Usage: java -jar dist/jvarkit.jar biostar251649 [options] Files
Usage: biostar251649 [options] Files
Options:
--bcf-output
If this program writes a VCF to a file, The format is first guessed from
the file suffix. Otherwise, force BCF output. The current supported BCF
version is : 2.1 which is not compatible with bcftools/htslib (last
checked 2019-11-15)
Default: false
--generate-vcf-md5
Generate MD5 checksum for VCF output.
Default: false
-h, --help
print help and exit
--helpFormat
What kind of help.
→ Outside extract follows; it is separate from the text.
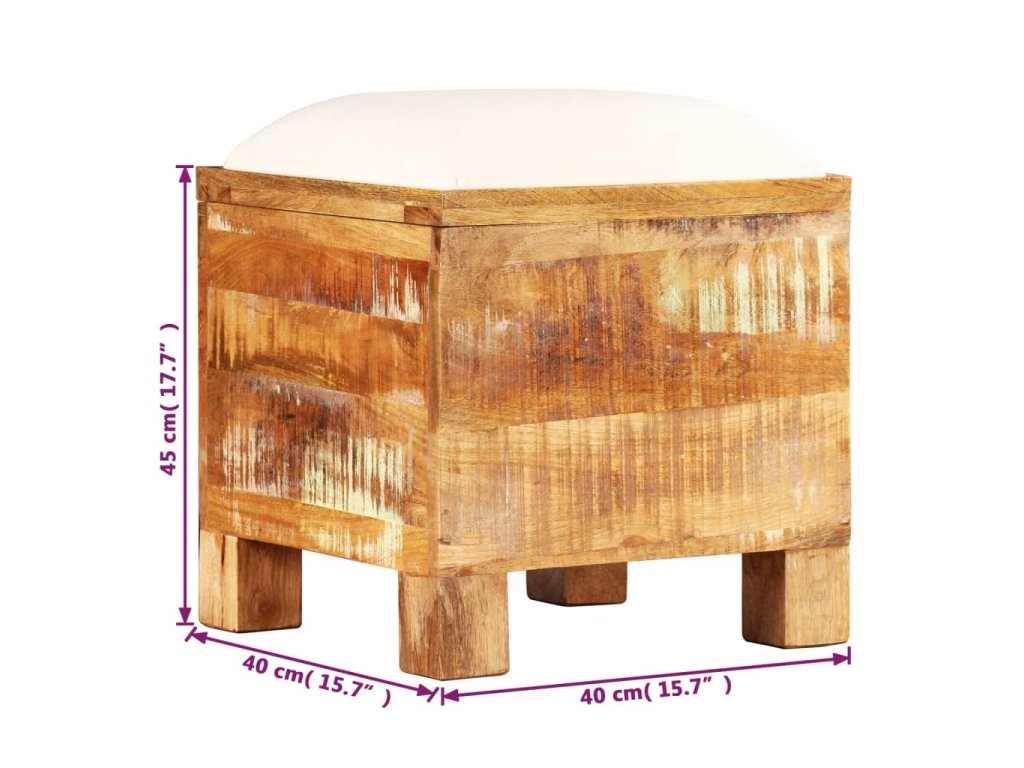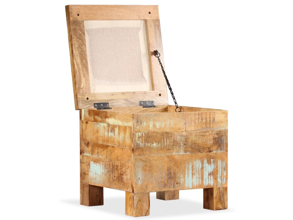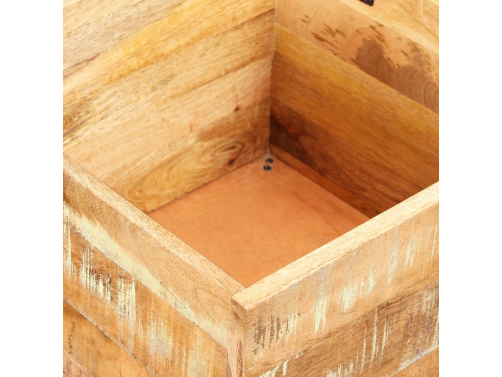 Truhlica je vyrobená z recyklovaného masívu, ktorý má podobné vlastnosti ako napríklad mahagónové, tíkové, tvrdé, mangové, akáciové drevo a podobne. Takéto drevo je pevné, stabilné, trvácne a má zaujímavú textúru. Známky opotrebovania spolu dodávajú každému kúsku nábytku charakteristický vzhľad a pôsobivý vintage dizajn. Každý krok výrobného procesu sa vykonáva s najväčšou starostlivosťou, či už je to spracovanie už použitého dreva do nového výrobku, leštenie, natieranie alebo lakovanie. Výrobok je už zostavený, nie je potrebné ho montovať.

One of [usage,markdown,xml].
-o, --out
Output file. Optional . Default: stdout
* -r, -R, --reference
Indexed fasta Reference file. This file must be indexed with samtools
faidx and with picard/gatk CreateSequenceDictionary or samtools dict
--version
print version and exit
-3
Right tag
Default: SEQ3_
-5
Left tag
Default: SEQ5_
-n
number of bases
Default: 1
20170508
The project is licensed under the MIT license.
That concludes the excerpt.